If you can’t play piano, then the impact of an altered state of consciousness will be limited as to improving your ability to produce a great piano solo, of course. The enhancement of your creative output with an altered state of consciousness, then, naturally depends on your previous skills needed for a creative activity, including general creative techniques such as brainstorming, etc. [i]

Knowledge about Integrating the High

Previously acquired knowledge that helps you to use the altered state for creative activities, especially knowledge about positively influencing factors such as dosing, will affect the spectrum of the psychoactive substance used. The better your information about an altered state, the more you will be able to use it as a tool for creativity.

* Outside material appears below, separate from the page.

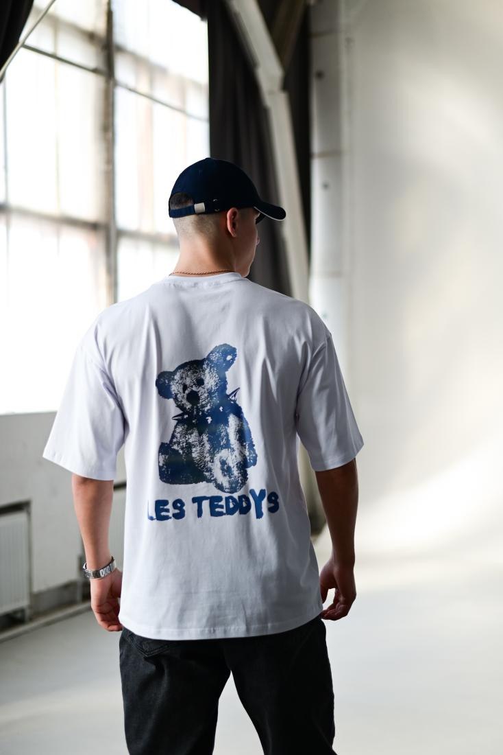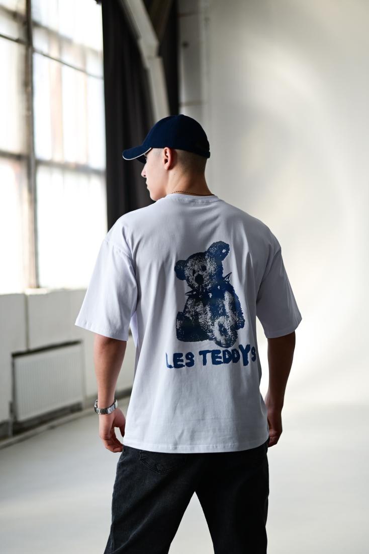 Мужская Белая Футболка Оверсайз Хлопок с Принтом Teddy на Спине

Skills and Knowledge Riding a High

Importantly, you will have to learn how to best maintain a creative flow during the experience to ride your altered state of consciousness like a wave. This involves a deep understanding, if only intuitive, of how to navigate and keep a certain balance during an altered state of mind. This involves a high level of introspective control, which means that you have to be able to constantly perceive your mind in the flow during the experience. These skills can be trained with mindful experimentation. Importantly, this knowledge is highly dependent on mindful self-knowledge: am I ready for this strong dose in this specific situation? Is it the right mood and environment for me to use this variety of cannabis? Can I still attend to my environment enough to be able to perform creatively during the high as it unfolds in my mind?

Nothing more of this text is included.